Paths for developing South-South Cooperation monitoring and evaluation systems

Monitoring and evaluation practices are in constant transformation and respond to different principles and interests. Evaluating means assigning value. It implies measuring, describing and interpreting. In relation to development cooperation, it also involves negotiating opinions and worldviews and, in the case of South-South Cooperation (SSC) more specifically, such dialogue must be conducted in a horizontal manner. Thus, it is a practice permeated by political conceptions and, as such, it is important to promote transparency and encourage the debate on the elements that underpin evaluations – i.e. their objectives, criteria, indicators, methods and uses. Ignoring such elements can compromise the emergence of critical reflection and learning that evaluations can and should generate.

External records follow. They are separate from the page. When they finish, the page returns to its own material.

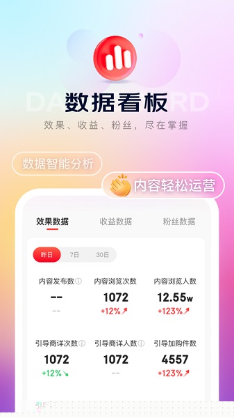 提供涵盖内容效果、直播收益、粉丝增长等多维度的实时数据分析,帮助运营者清晰洞察表现,为策略调整提供数据支撑。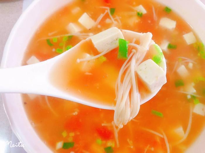 金针菇豆腐汤从外观上来说,金黄中透漏点点红色,其实就是西红柿起到的关键作用,所以让汤品品尝起来更加富有层次感,而除了这几点以外,金针菇豆腐汤的营养价值也是极高的,因为其中的西红柿就含有大量的维生素C,美白嫩肤的同时还能补充身体所需营养,而金针菇又是菌菇类食材,含有大量的氨基酸等成分,可以润肠通便,提高免疫力哦。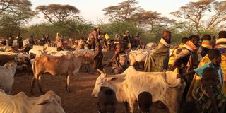 Locals and their livestock at Kibish center water point near the border of Kenya and Ethiopia. Drought is fueling conflicts among locals as water sources continue to reduce due to lowering water table.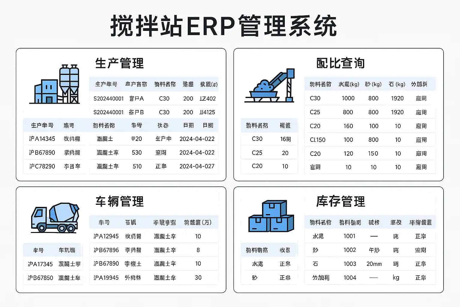 搅拌站ERP管理系统主要涵盖以下核心功能: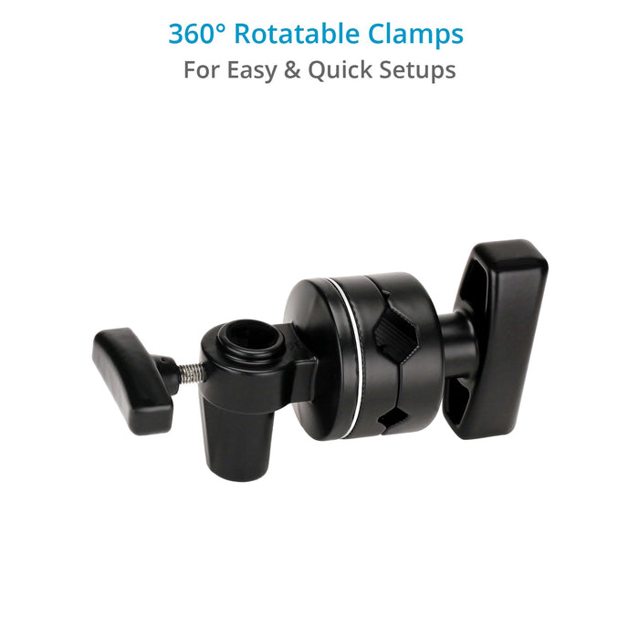 The Megagrip is equipped with custom-designed clamps that allow 360° on pan and tilt axis, making it extremely easy to setup on any non-porous surface.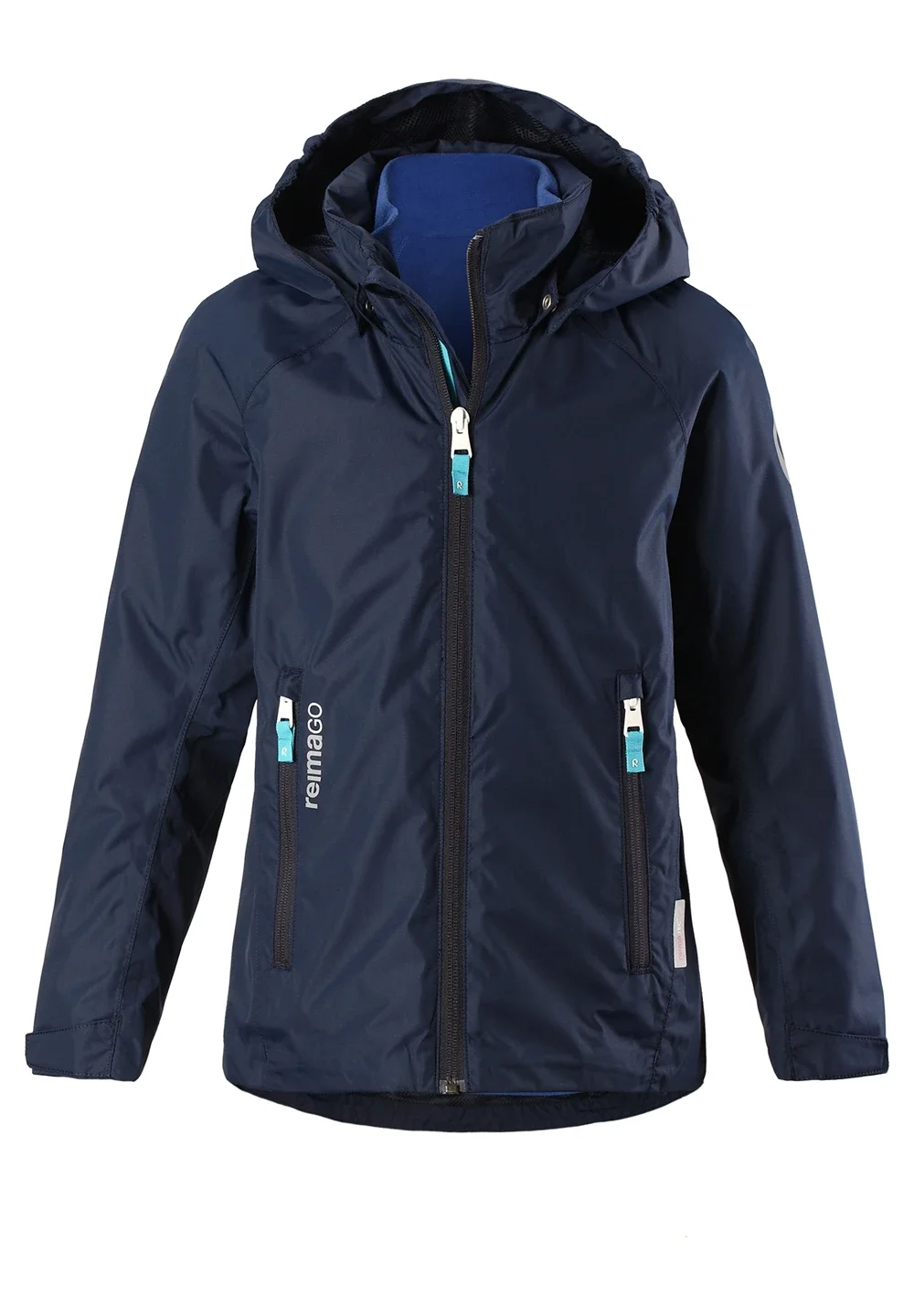 Forestil dig: Denne utroligt praktiske jakke har tre muligheder i et stykke tøj! Denne Reimatec-jakke til forår og efterår til børn har en aftagelig indvendig fleecetrøje! Jakkens yderste lag er fremstillet i et fuldstændig vand- og vindtæt materiale, som også er åndbart. Sømmene er tapede vandtætte. På varme dage kan du gøre jakken lettere ved at tage den indvendige fleecejakke af. Og når det er tørvejr, kan den bløde og lette fleecetrøje bruges alene og give varme på udflugter i det fri. Sikken funktionel jakke – synes du ikke? Jakken kan justeres i underkanten, så pasformen bliver god og individuel. Den aftagelige hætte beskytter mod kølige vinde, og i lynlåslommerne opbevares mobiltelefon og nøgler sikkert. Sporty, kort model i sæsonens farver med praktiske detaljer.

This document is based on the “Dialogues on Brazilian South-South Cooperation” held in Rio de Janeiro, in January 2017. The event was organized by the BRICS Policy Center in collaboration with the Brazilian Cooperation Agency (ABC) and with the support of the South-South Cooperation Research and Policy Centre (Articulação Sul). It brought together SSC actors from twelve countries, as well as a significant number of Brazilian implementing agencies and international organizations. This document is authored by experts and researchers from Articulação Sul and the BRICS Policy Center. The views contained here do not express the official position of the Brazilian Cooperation Agency nor that of any of the individuals or the institutions they represent, who have actively participated in the “Dialogues”. The report, therefore, presents the authors’ own reflections on the ongoing debate on how to strengthen SSC Monitoring and Evaluation (M&E) systems so they are capable of accounting for the diversity of practices and contexts that constitute the field of SSC.